I’ve worked continuously for the National Health Service since October 1994, and this is the week I finally leave. I’ll save you the maths: that’s 28 years and two months. Like marriage, it is an institution I joined in my twenties that I thought I’d be in my whole life. And, truly, leaving is nearly as bad as getting divorced.
I’m leaving because I just can’t do it any more.
It’s not the patients; I really love most of them. I genuinely hold them dear in my heart. I work with mentally ill teenagers and over the years when I was battling hard to get them to open up and to trust me, they’d sneer and say, “You only care because you’re paid to care” and I’d say: “You can’t pay someone to really care. They pay me to work with you, but I care because I know you.” This isn’t just some line – I love a stroppy, damaged, difficult teenager, me. So, it’s not the teenagers who have pushed me out. In fact, it’s the patients who have kept me there so long.
Nor is it their parents; I’ve learned a lot from them. They’ve taught me about patience and love and how to parent. They’ve been desperate and desperately sad. I’ve guided them with wisdom gleaned from those who went before, with a sprinkling of what I’ve learned from theory and research. I’m not saying all of them have been charming – some were abusive – but on the whole they have been a good bunch.
In the end, it was the “Bs” that got me: the bean counters, the bureaucracy and the BS. They’re what have worn me down and spat me out.
First the bureaucracy. When I started in my current job, more than 20 years ago, I could go into one room to see my patients for their 50-minute therapy session, one after the other, on the hour. There were paper notes, which a receptionist would pull and refile for me, and in the 10 minutes between each patient, I could write my notes and grab a coffee. My seven-and-a-half-hour days would include two hours of clinical meetings, five patients and 30 minutes of admin.
Now we have digital notes which, in theory, are a better idea; but in practice over the last five years I haven’t had a consistent room to work in with a computer. We “hot-desk” and have “clinic rooms” mostly without computers. So, in practice, I have to book time away from patients to log in to a computer, which takes at least 20 minutes each time to get in. The notes systems are clunky and unwieldy – it takes twice as long to do anything. The result is I’m seeing one fewer patient a day, for a start.

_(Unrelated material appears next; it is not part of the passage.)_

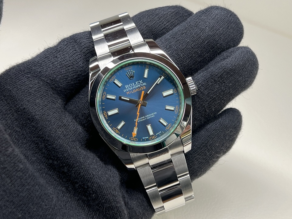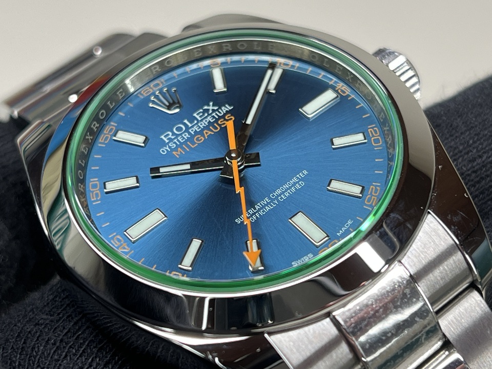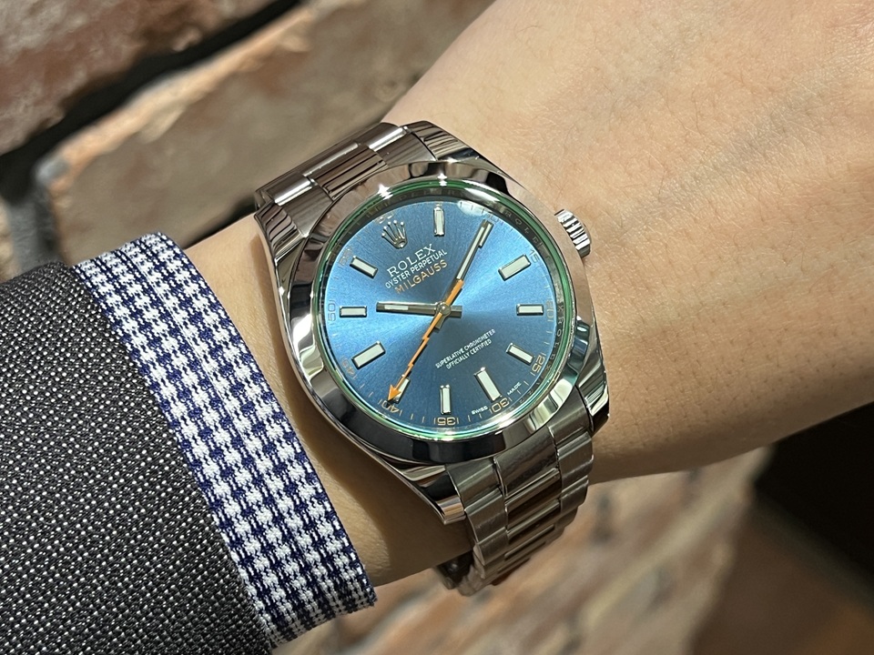 | 本日は“MILGAUSS”(Ref.116400GV)Zブルーダイヤルをご紹介。2023年に惜しくも生産終了となってしまったミルガウス。 そしてこちらの『Zブルーダイヤル』は2014年から追加されたダイヤルカラーとなり、今後の動向が気になる1本でもあります。 |

Now the bean-counting. Our lovely admin staff have been cut to the bone – they aren’t supposed to help clinical staff the way they used to. They are largely paid to input data. Patients have to be booked in as arriving, booked in as being seen by the clinician, and booked out again, all in enormously complicated, slow, poorly designed systems. Just recently the health secretary, Steve Barclay, promised more transparency. But any time a politician promises more transparency they are promising that they are going to spend NHS money, which could be going on nurses and doctors, ambulance crews and medication, on an administrator to sit at a computer inputting data all day. An administrator whose wage could be spent on one more nurse to meet that ambulance with the pensioner who has fallen over.
In theory, of course, it would be great to have that data – I’m not against transparency per se. I’m just against it when we haven’t got and can’t recruit any clinical staff.
And there’s the BS: the consistent negative rhetoric churned out by politicians about “efficiency” savings. I would wager there hasn’t been a single month in my 28 years in the NHS when a politician hasn’t made that sort of negative implication, that they will save the NHS by making clinical staff work that little bit harder. There has been an explosion in the number of managers over the same period, and the message trickles down from the health secretary through their endless layers. They spout that rhetoric relentlessly to clinical staff – “Do more with less!”; that’s what has really broken my spirit.
I could go on for hours on more, from poor recruitment systems to endless “essential” training”. But perhaps worst of all is NHS England’s pointless internal market, where again, thousands of staff are employed so that one part of the system can pay another part of the system. It is as if Tesco were buying the food from the farmers, and then selling it to their own stores.
NHS staff are human too and for most of us it is obvious we could work less hard and earn more in the private sector, but many of us don’t because of a sense of loyalty to the system. We do incredibly difficult, emotionally draining work, under stressful conditions, but it usually doesn’t break us. We get our kicks from that work. The relentless scrutiny, the lack of practical support, working systems, and the negative rhetoric, that is what gets us. That is why we end up exhausted, strung out, and making a choice between the NHS and our mental health. And so that is why I am part of the NHS brain drain.
And to the future patients whom I won’t see: I’m sorry. I did my best, but I couldn’t do it any more.